Constraints Based Convex Belief Propagation

Authors: Yaniv Tenzer, Alex Schwing, Kevin Gimpel, Tamir Hazan

NeurIPS 2016 | Conference PDF | Archive PDF | Plain Text | LLM Run Details

Reproducibility Variable Result LLM Response
Research Type Experimental Experiments show that CBCBP outperforms the conventional consistency potential based approach, while being at least an order of magnitude faster.
Researcher Affiliation Academia Yaniv Tenzer Department of Statistics The Hebrew University Alexander Schwing Department of Electrical and Computer Engineering University of Illinois at Urbana-Champaign Kevin Gimpel Toyota Technological Institute at Chicago Tamir Hazan Faculty of Industrial Engineering and Management Technion Israel Institute of Technology
Pseudocode Yes Figure 1: The CBCBP algorithm.
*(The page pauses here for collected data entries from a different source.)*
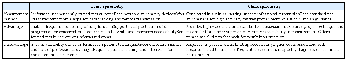 Spirometry is the gold standard for diagnosing and monitoring respiratory diseases [13]; however, its access has been significantly limited, particularly during the COVID-19 pandemic, thereby reducing its clinical utilization and emphasizing the need for home-based alternatives. Home spirometry allows patients to measure major lung function parameters (forced expiratory volume in one second [FEV1] and forced vital capacity [FVC]) without supervision, offering an alternative to clinic-based testing [13] (Table 2). Home spirometry is increasingly being used as a major clinical outcome measure in clinical trials for chronic lung diseases, including COPD [14], fibrosing ILD [15], idiopathic pulmonary fibrosis (IPF) [16,17], asthma [18,19], and bronchiectasis [20]. Its role in monitoring disease severity and guiding treatment decisions has expanded, making it an essential tool in both research and clinical practice. Although the COVID-19 pandemic accelerated the adoption of home spirometry in routine care and clinical trials, evidence comparing its reliability with supervised testing remains limited.
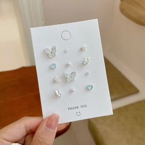 UNI-11900 - Blue Butterfly & Cuties - Ear Studs Set Of 12
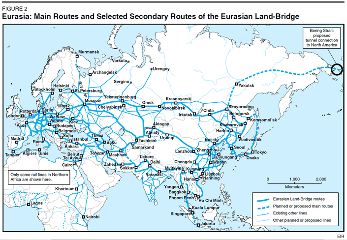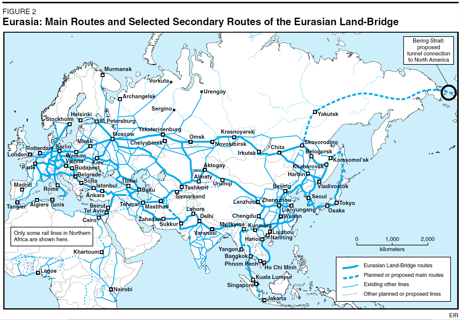 This (Figure 2) is a plan for the Eurasian Land-Bridge, which wethe Schiller Instituteproposed in 1991 after the Soviet Union had broken up, and which was conceived as a strategy for peace in the 21st Century, in which infrastructure corridors from Europe to Asia would be built.
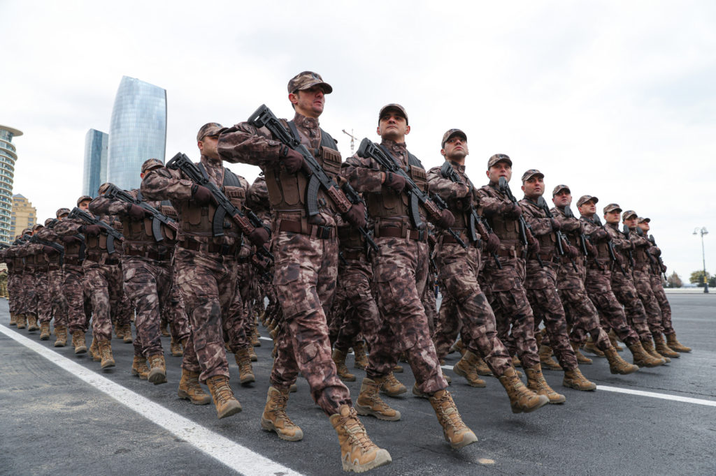 Dövlət Sərhəd Xidmətinin parad heyətləri general-mayor Rəsul Tağıyevin, Daxili İşlər Nazirliyinin Daxili Qoşunlarının parad heyəti general-mayor İnqilab Muradovun, Azərbaycan Respublikası Prezidentinin Təhlükəsizlik Xidmətinin Milli Qvardiyasının hərbi qulluqçularından ibarət parad heyəti isə mayor Eldar Quliyevin rəhbərliyi ilə mətin addımlarla Azadlıq meydanına daxil oldular.
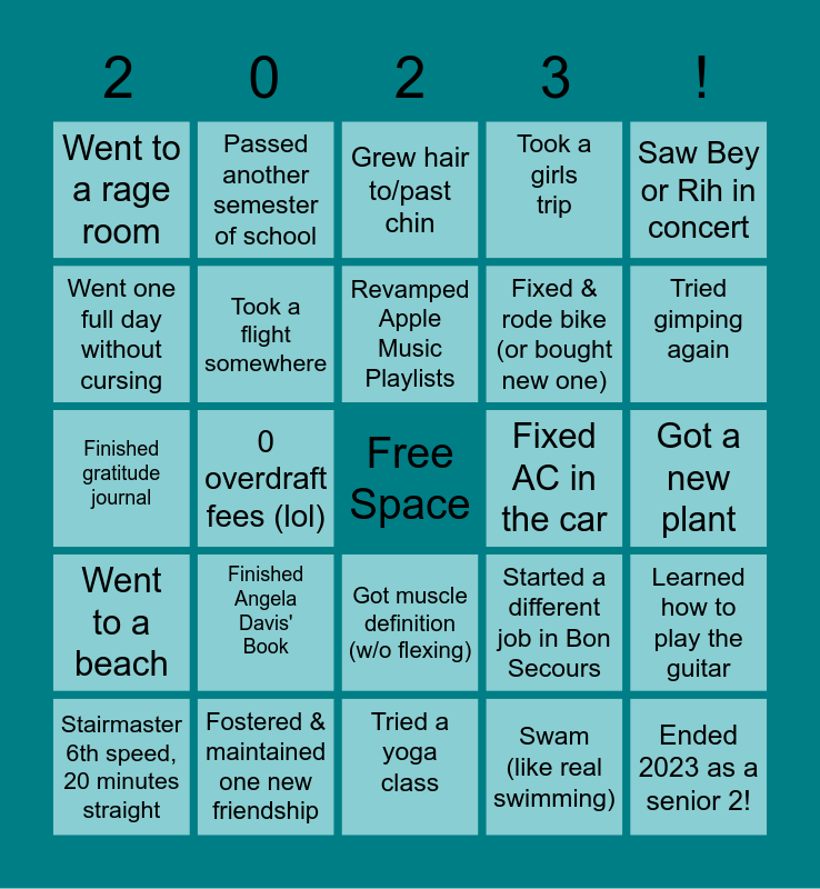 This bingo card has a free space and 24 words: Finished Angela Davis' Book, Fostered & maintained one new friendship, Revamped Apple Music Playlists, Stairmaster 6th speed, 20 minutes straight, Saw Bey or Rih in concert, Went to a rage room, Went one full day without cursing, Passed another semester of school, Fixed AC in the car, Got muscle definition (w/o flexing), Fixed & rode bike (or bought new one), Finished gratitude journal, Started a different job in Bon Secours, Learned how to play the guitar, Took a flight somewhere, Swam (like real swimming), Got a new plant, Grew hair to/past chin, Tried gimping again, 0 overdraft fees (lol), Ended 2023 as a senior 2!, Went to a beach, Took a girls trip and Tried a yoga class.

Shown are the update rules for the λ and ν messages.
Open Source Code No The paper discusses the use of a third-party open-source toolkit (Moses) but does not provide specific access to the authors' own implementation of CBCBP or experiment code.
Open Datasets Yes We evaluate our approach on the task of semantic segmentation using the MSRC-21 dataset [21] as well as the Pascal VOC 2012 [4] dataset.
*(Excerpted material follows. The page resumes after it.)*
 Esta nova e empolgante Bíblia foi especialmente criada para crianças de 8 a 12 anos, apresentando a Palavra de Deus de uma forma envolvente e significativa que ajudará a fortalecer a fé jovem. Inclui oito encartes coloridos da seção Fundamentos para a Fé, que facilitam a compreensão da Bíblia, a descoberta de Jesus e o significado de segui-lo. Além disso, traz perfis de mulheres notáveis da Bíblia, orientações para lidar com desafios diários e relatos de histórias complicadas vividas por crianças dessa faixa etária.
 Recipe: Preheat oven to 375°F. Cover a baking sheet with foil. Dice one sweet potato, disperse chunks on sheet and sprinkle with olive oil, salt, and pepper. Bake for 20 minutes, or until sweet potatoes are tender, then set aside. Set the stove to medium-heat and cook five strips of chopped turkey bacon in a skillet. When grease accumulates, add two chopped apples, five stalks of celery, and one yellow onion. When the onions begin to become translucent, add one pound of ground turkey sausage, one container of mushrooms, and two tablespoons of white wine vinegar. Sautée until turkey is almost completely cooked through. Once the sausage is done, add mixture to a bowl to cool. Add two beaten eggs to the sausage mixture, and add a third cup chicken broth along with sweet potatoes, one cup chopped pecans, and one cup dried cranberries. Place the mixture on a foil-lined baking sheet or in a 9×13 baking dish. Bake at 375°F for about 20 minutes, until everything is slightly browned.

Dataset Splits No The paper mentions using datasets for training and testing (e.g., WMT2011 for training, WMT2009 for testing) and refers to standard error measures, but it does not provide specific details on training/validation/test splits (e.g., exact percentages or sample counts for each split).
Hardware Specification No The paper does not provide specific hardware details (e.g., GPU/CPU models, memory) used for running the experiments.
Software Dependencies No The paper mentions 'Moses' as a toolkit and implies implementation in 'Python' (given the context of ML papers and common tools), but it does not specify version numbers for any software dependencies or libraries.
Experiment Setup Yes We use maximum phrase length m = 3 and distortion limit d = 3. We run 250 iterations of CBCBP for each sentence. For the feature weights (γ), we use the default weights in Moses, since our features are analogous to theirs.